------ DATA EXCERPT

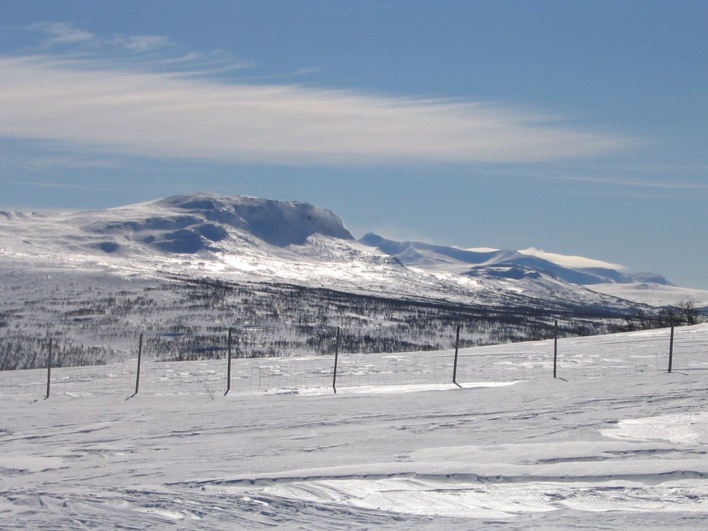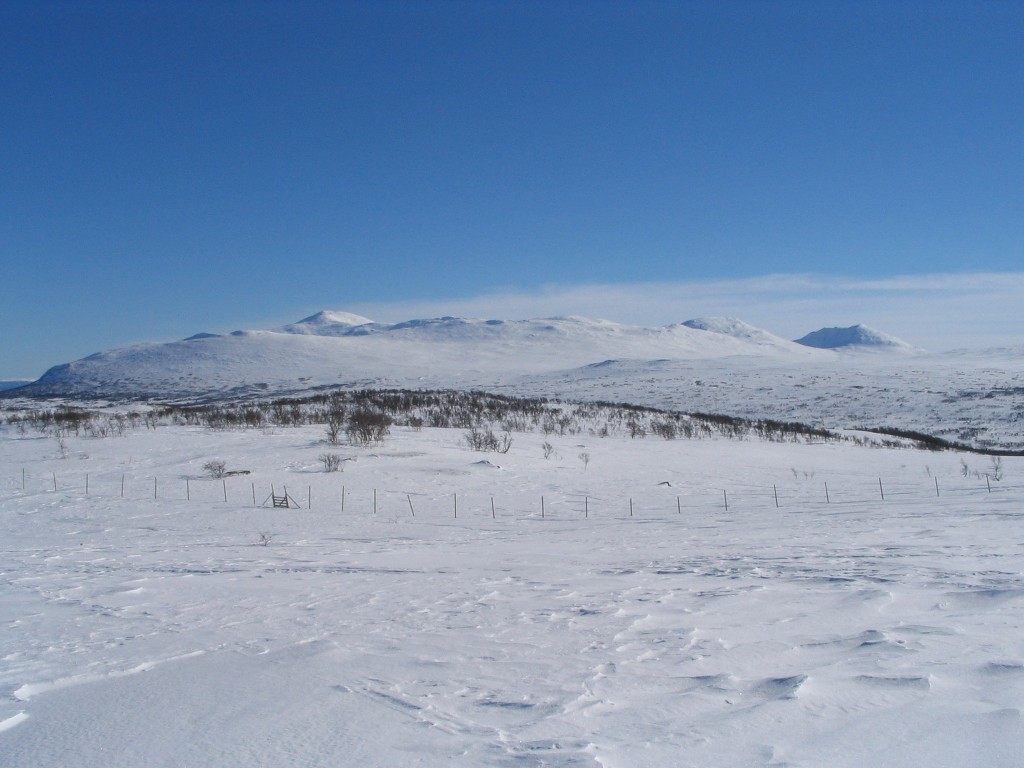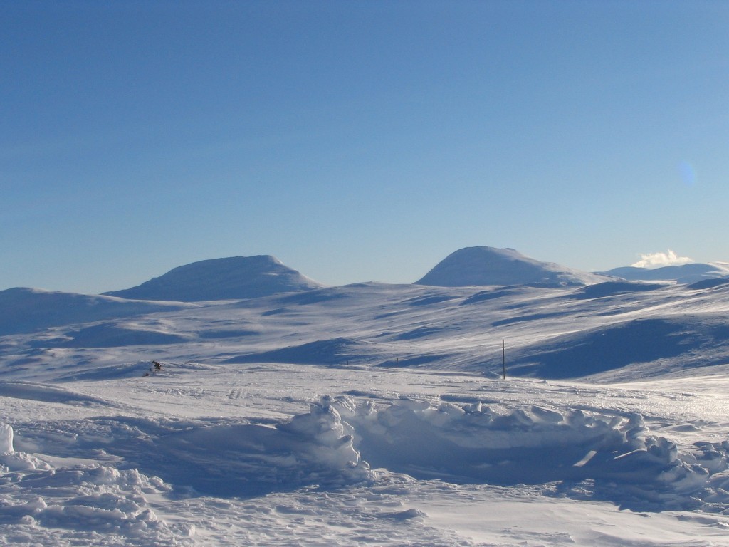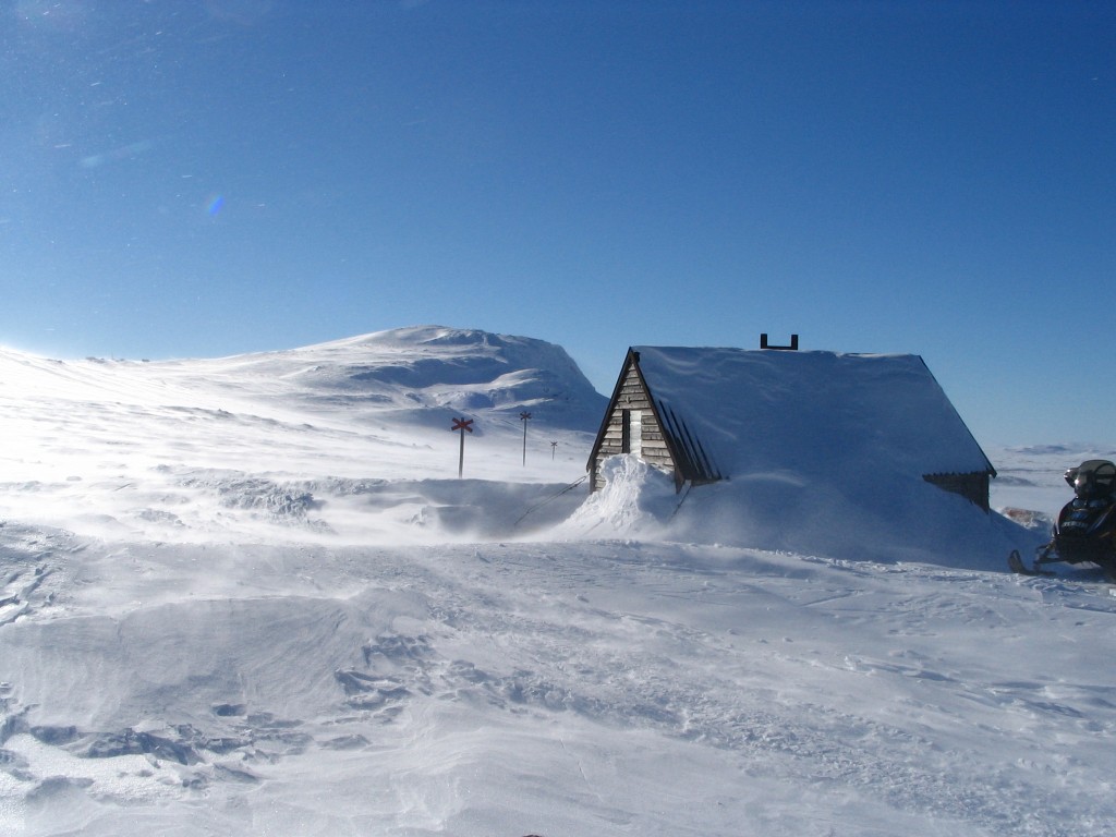 With the hard wind at my back, I began gliding down the mountainside, which after the first moderate slope turned into an arduous affair. The extensive abrasion had produced a base layer which was as near pure ice as snow can come and still be called snow, with conglomerations of hard-packed drift on top in most irregular patterns. What with both the relentless wind pushing me along and the substantial incline, I had to pick my way carefully, and I came close to falling several times. At the Gräslidfjället shelter some kilometers down, there was a snowmobile the driver of which apparently was a maintenance worker checking up on the building. From there on, the condition of the trail was better, so that I could hold a more direct course downwards.
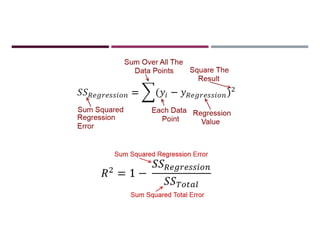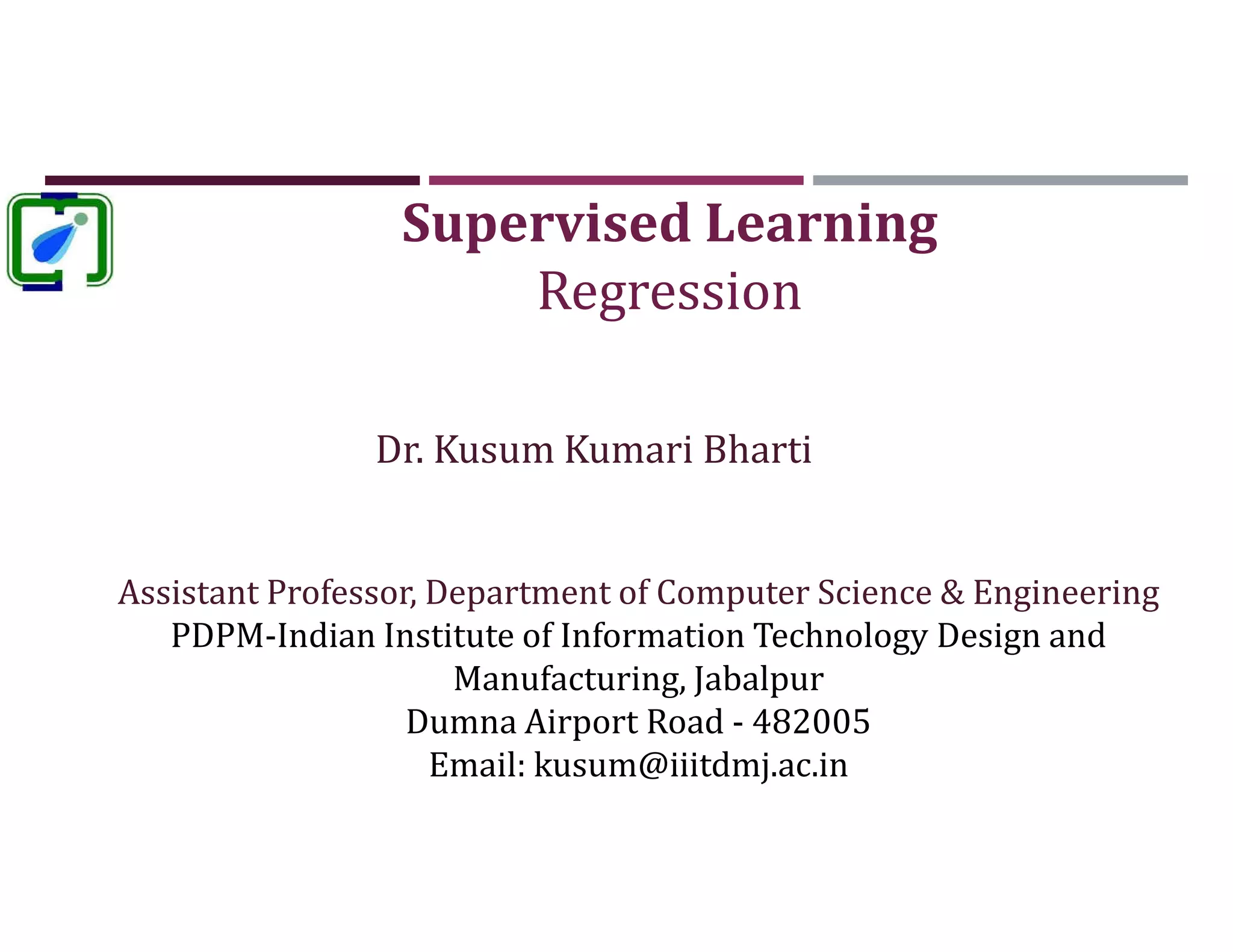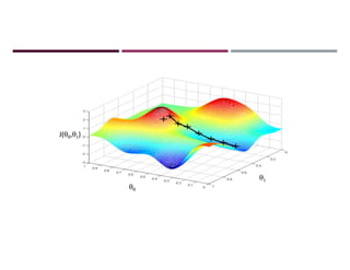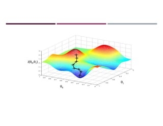 This document discusses supervised learning and regression analysis in machine learning. It defines regression as a technique used to predict continuous target variables by identifying relationships between input features and output variables. Simple linear regression fits a linear function to the data to predict a dependent, or target, variable from an independent variable. Gradient descent is introduced as an optimization algorithm that can be used to fit simple linear regression models by minimizing a cost function.
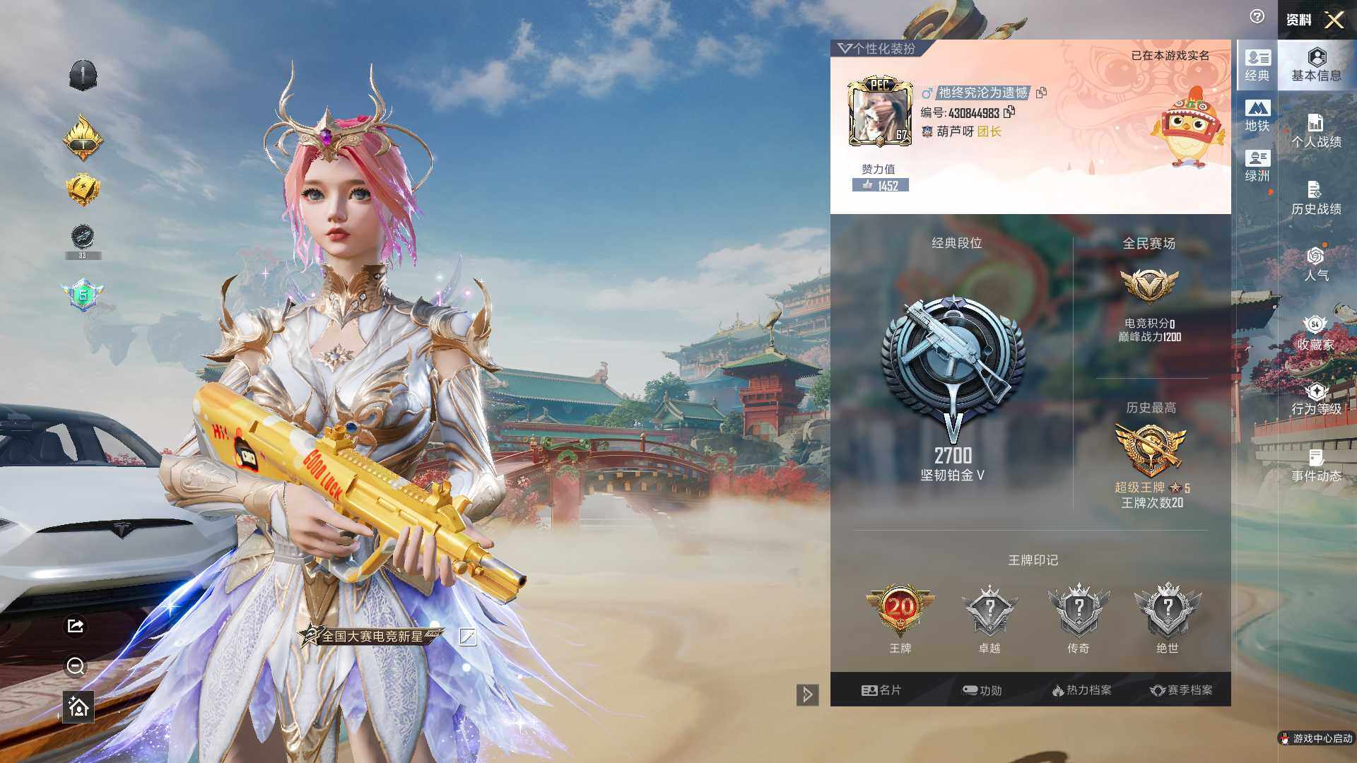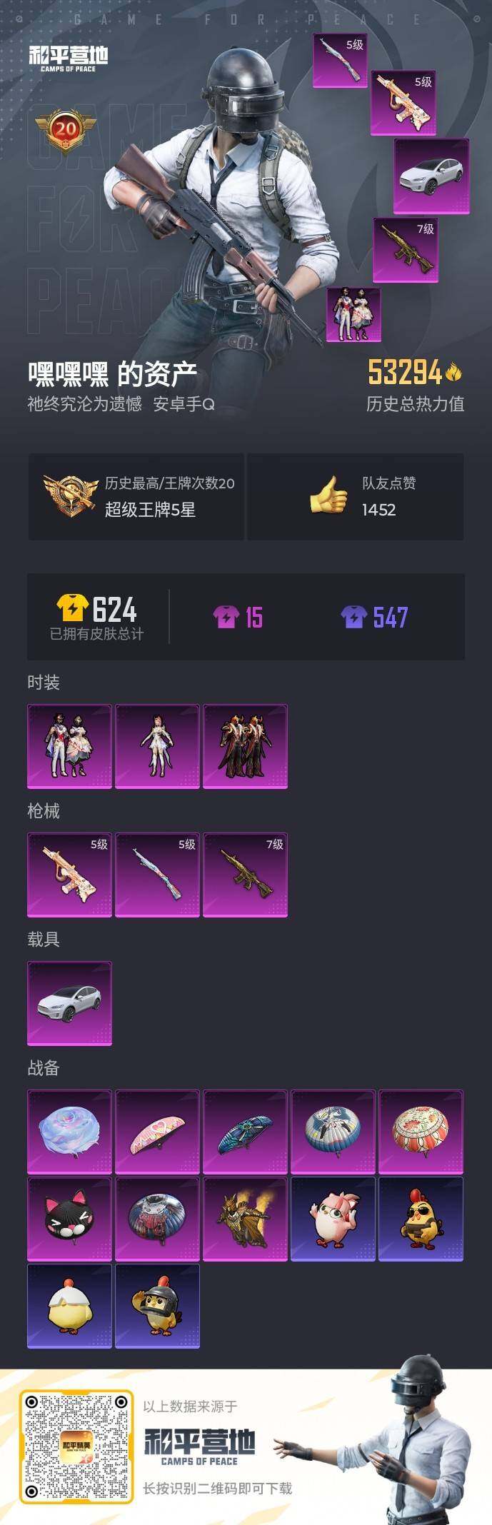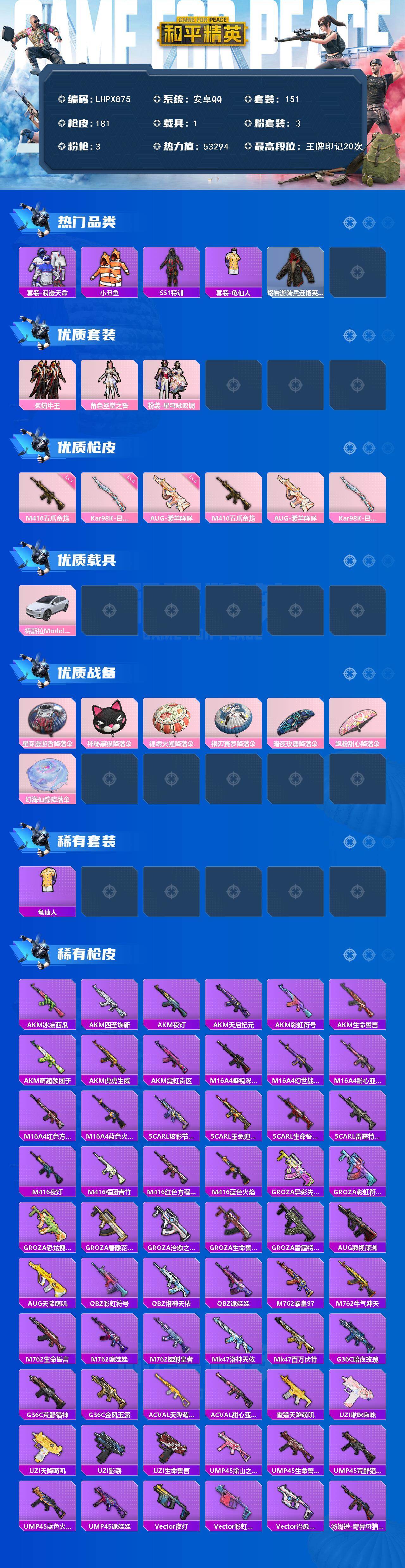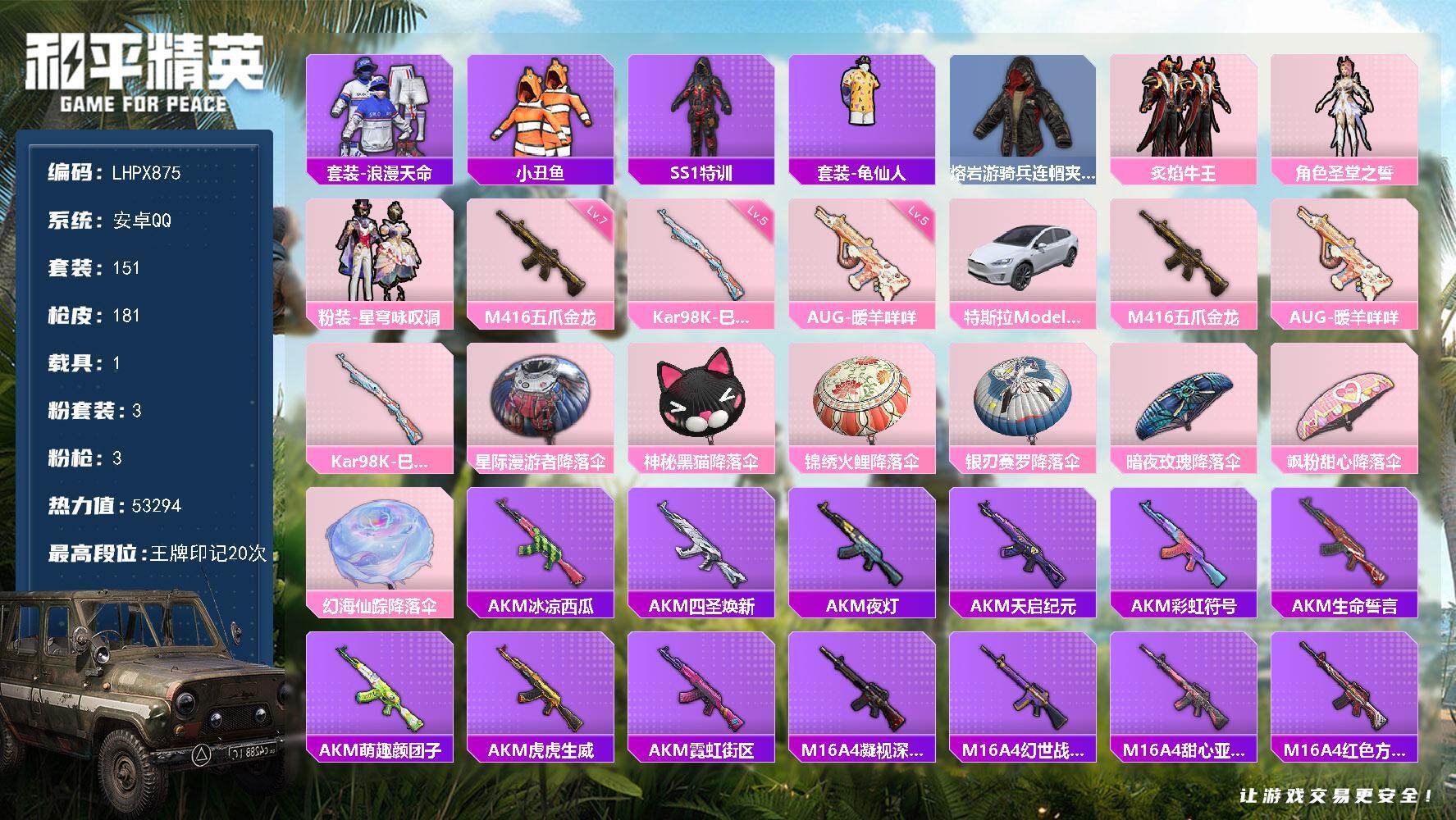 [16379588]【店主推荐捡漏号!可直接换绑】安卓 手Q-3粉装-3特效枪-1载具-1粉色飞行器-53294热力值-20王牌印记-151套装-181枪皮【热门品类】:套装-浪漫天命,套装-小丑鱼,套装-SS1特训,套装-龟仙人,熔岩游骑兵连帽夹克【粉色套装】:粉装-炙焰牛王,角色-圣堂之誓,粉装-星穹咏叹调【粉色枪皮等级】:M416-五爪金龙(七级),AUG-暖羊咩咩(五级),Kar98K-巳巳如意(五级)【粉色载具】:特斯拉Model X(珍珠白)【粉色枪皮】:M416-五爪金龙,AUG-暖羊咩咩,Kar98K-巳巳如意

------------

### WORK ITEM:
Write the lines above out again exactly, excluding every picture.

### EXERCISE OUTPUT:
 With the hard wind at my back, I began gliding down the mountainside, which after the first moderate slope turned into an arduous affair. The extensive abrasion had produced a base layer which was as near pure ice as snow can come and still be called snow, with conglomerations of hard-packed drift on top in most irregular patterns. What with both the relentless wind pushing me along and the substantial incline, I had to pick my way carefully, and I came close to falling several times. At the Gräslidfjället shelter some kilometers down, there was a snowmobile the driver of which apparently was a maintenance worker checking up on the building. From there on, the condition of the trail was better, so that I could hold a more direct course downwards.
 This document discusses supervised learning and regression analysis in machine learning. It defines regression as a technique used to predict continuous target variables by identifying relationships between input features and output variables. Simple linear regression fits a linear function to the data to predict a dependent, or target, variable from an independent variable. Gradient descent is introduced as an optimization algorithm that can be used to fit simple linear regression models by minimizing a cost function.
 [16379588]【店主推荐捡漏号!可直接换绑】安卓 手Q-3粉装-3特效枪-1载具-1粉色飞行器-53294热力值-20王牌印记-151套装-181枪皮【热门品类】:套装-浪漫天命,套装-小丑鱼,套装-SS1特训,套装-龟仙人,熔岩游骑兵连帽夹克【粉色套装】:粉装-炙焰牛王,角色-圣堂之誓,粉装-星穹咏叹调【粉色枪皮等级】:M416-五爪金龙(七级),AUG-暖羊咩咩(五级),Kar98K-巳巳如意(五级)【粉色载具】:特斯拉Model X(珍珠白)【粉色枪皮】:M416-五爪金龙,AUG-暖羊咩咩,Kar98K-巳巳如意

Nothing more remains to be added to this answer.